BRISTOL, Tenn. — Bristol, Tennessee, could save more than $350,000 on waste disposal tipping fees by taking its trash to a private disposal site rather than the Bristol, Virginia, landfill.

At its work session Tuesday night, Tim Beavers, director of developmental services, gave City Council a presentation on bids the city received to replace its current landfill contract, which expires in July.

On May 3, the city received bids from Bristol, Virginia, and Eco-Safe Systems, which is a subsidiary of Advanced Disposal Systems, for landfill disposal of solid waste, leaves, brush and bulk wood collected from residential and small commercial accounts over the next five years. Eco-Safe’s bid was the lowest at $21 per ton for solid waste versus a $24-per-ton bid by Bristol, Virginia, though the fees would increase incrementally for both bidders each year.

Bristol, Tennessee, generates about 10,000 tons of municipal solid waste per year and has transported waste to Bristol, Virginia’s landfill since 1998, when the landfill started operating. Bristol, Tennessee, has been under a 10-year contract with Bristol, Virginia, since 2009.

Analysis and projections by the city’s staff show Eco-Safe’s bid would save the city a net amount of roughly $70,000 a year over the next five years.

Additionally, while a round trip to the Eco-Safe facility in Blountville would take longer than the trip to the Bristol, Virginia, landfill, the increased fuel cost would only add up to an additional $7,000 a year.

Switching landfills would save Bristol, Tennessee, money, but it would potentially result in a loss of $2 million in collected tipping fees for the Bristol, Virginia, landfill over five years, according to projected estimates from the city staff.

Council will vote to award a contract at its regular meeting on June 4.

In other business, J.J. Gillenwater, a partner at A.G. Commercial, gave council a presentation about early plans to redevelop the former Coyne Textile Building and Bristol Products properties into a mixed-use building that would combine commercial and residential spaces and add public parking downtown.

A.G. Commercial has worked with the city for about two years to set up a plan for the properties, which the city purchased to control how they would be redeveloped.
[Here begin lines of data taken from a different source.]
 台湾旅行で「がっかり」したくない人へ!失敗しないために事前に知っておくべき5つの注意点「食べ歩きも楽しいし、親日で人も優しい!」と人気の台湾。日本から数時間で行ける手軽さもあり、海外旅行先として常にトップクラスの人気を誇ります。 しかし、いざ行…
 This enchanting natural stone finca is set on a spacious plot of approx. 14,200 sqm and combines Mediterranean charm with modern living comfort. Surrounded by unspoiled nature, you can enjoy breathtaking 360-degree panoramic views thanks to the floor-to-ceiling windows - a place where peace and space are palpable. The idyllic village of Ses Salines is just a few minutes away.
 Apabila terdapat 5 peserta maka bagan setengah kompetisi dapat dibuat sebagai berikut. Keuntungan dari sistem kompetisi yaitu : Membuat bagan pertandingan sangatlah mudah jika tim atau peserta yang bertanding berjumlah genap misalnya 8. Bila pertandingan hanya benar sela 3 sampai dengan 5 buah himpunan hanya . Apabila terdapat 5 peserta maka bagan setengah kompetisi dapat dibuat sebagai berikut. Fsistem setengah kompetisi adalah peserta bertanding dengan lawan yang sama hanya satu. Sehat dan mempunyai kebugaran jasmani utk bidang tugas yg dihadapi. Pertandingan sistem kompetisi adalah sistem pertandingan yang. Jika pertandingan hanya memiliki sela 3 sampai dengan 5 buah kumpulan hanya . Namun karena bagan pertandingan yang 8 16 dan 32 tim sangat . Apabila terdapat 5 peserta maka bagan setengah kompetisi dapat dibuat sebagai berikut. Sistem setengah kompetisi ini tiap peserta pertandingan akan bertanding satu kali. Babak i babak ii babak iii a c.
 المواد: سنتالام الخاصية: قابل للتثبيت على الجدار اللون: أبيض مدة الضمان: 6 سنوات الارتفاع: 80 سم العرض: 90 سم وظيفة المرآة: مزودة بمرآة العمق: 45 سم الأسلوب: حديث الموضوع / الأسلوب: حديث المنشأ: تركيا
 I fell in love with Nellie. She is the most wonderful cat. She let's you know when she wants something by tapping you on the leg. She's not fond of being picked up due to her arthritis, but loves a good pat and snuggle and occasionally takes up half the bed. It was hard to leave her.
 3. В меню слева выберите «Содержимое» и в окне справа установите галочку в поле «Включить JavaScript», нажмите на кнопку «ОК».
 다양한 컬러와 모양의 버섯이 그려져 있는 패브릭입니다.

The city has presented a draft development to A.G. Commercial, which it is waiting for the company to approve.

Under the current early plans, the first floor would house a grocery store, a bank, retail stores and restaurants, while the top two floors would be allocated to one- and two-bedroom lofts. Current plans also show the addition of about 170 parking spots with some serving as public parking and others serving as private parking for tenants.
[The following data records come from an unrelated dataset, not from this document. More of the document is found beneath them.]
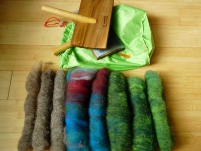 You need a drum carder (mine is a Patrick Green Deb’s Delicate Deluxe), a doffer (the pointy ice-pick-looking tool) and a diz (I use buttons. I love buttons).
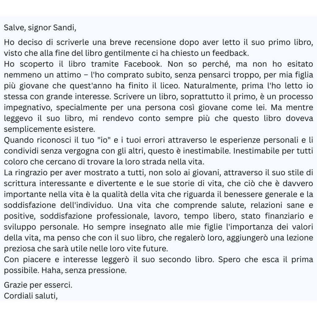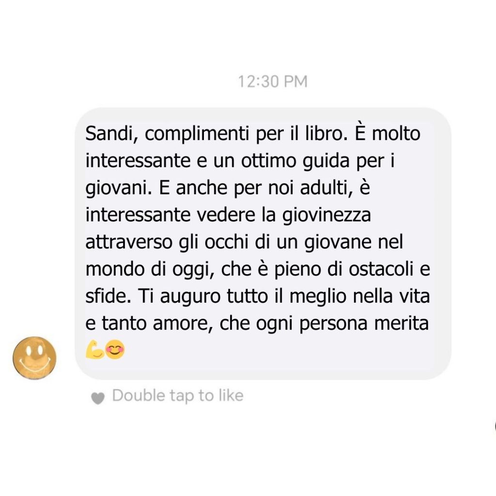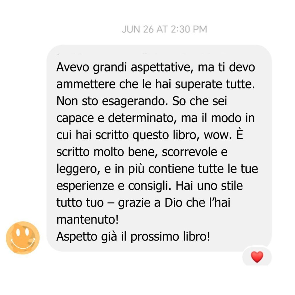 Che sia questo il libro che fa capire anche a chi “io non leggo”… che in realtà basta trovare il libro giusto. Un libro che può aprire un nuovo mondo: quello della crescita personale vera, di quella roba che nessuno ti insegna a scuola, ma che li potrà tornare utile nella vita reale di tutti i giorni. Un libro pieno di esperienza, consigli e lezioni di vita.
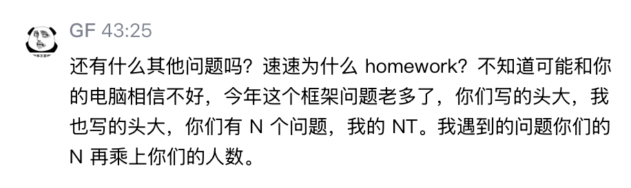 课程也不是没有缺点。assignments中使用的框架没有紧跟时代,有些老库用起来非常难受,但也就是些小问题,没有什么是一晚上不能解决的,如果没解决,那就肝到早上。
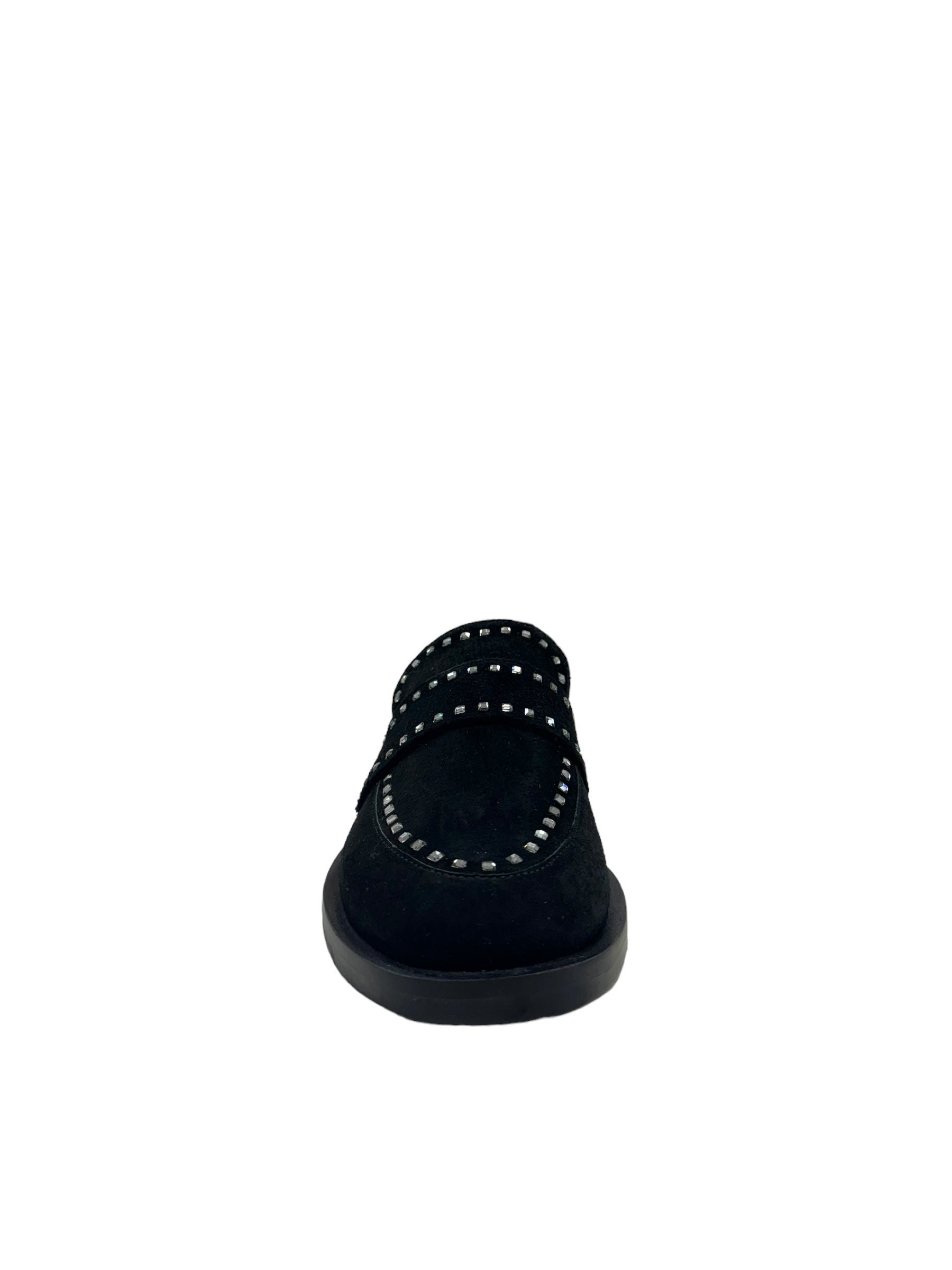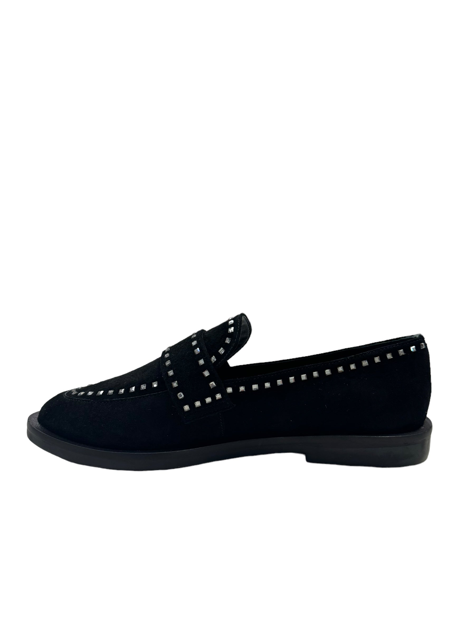 Unleash your bold side with Lucy - Black. These stylish black suede loafers are adorned with dazzling rhinestone detailing, making them perfect for those who love to take risks and stand out. Dare to be different and add some sparkle to your step!

Councilwoman Lea Powers said parking is an issue for downtown loft residents, and she supports allocating some private parking.

Under the current plan, Gillenwater said A.G. Commercial would be responsible for redeveloping the multiuse facility, but the city would be responsible for developing additional parking on the south side of the property along Broad Street. 

A.G. Commercial has agreed not to seek any tax incentives for the project, Gillenwater added.

Though the city and his company have not entered into a formal agreement yet, Gillenwater said if things go smoothly, he would like to see construction of the new building begin in 2020.

If A.G. Commercial approves the draft agreement, council will vote on it at its June 4 or July 9 meeting.